А здесь – был главный понятный трудовой смысл: как те распотешливые решётки и колесницы, так и многие деловые нужные вещи, и первый русский паровоз, и невские суда, и чугунные и стальные отливки от самых огромных и до самых малых, именно здесь впервые находили свою окончательную массу, форму, подвижность и назначение.

С этим-то постоянным чутьём, что тут вокруг всякую минуту рождаются, складываются, формируются задуманные на чертежах вещи, Дмитриев и входил в заводские дворы – Обуховский или другой какой.

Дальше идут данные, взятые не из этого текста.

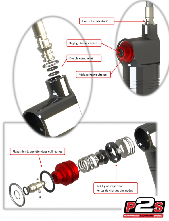 - Amortissement lié à la vitesse de déplacement de la tige, optimisation de la course restituée à basse vitesse permettant un gain de motricité, de confort. Et un meilleur transfert de masse.

Любя всё то вечное, что красуется в дальнем перегруженном центре Петербурга, Дмитриев никогда не испытывал скуки или отталкивания от здешней некрасоты, от унылой гладкости стен, от голости, засоренности, обгорелости безтравной земли, от копоти, жара, тяжких запахов и лязга, ибо всё это были не явления безобразия, но сопутствия рождению вещей. Свежему прихожему завод кажется нагромождением станков, материалов, изделий, грохота – но работающие знают, что этот внешний безпорядок – на самом деле лучший порядок, как это всё прилажено, как каждый на своём месте делает осмысленное дело и является частью целого.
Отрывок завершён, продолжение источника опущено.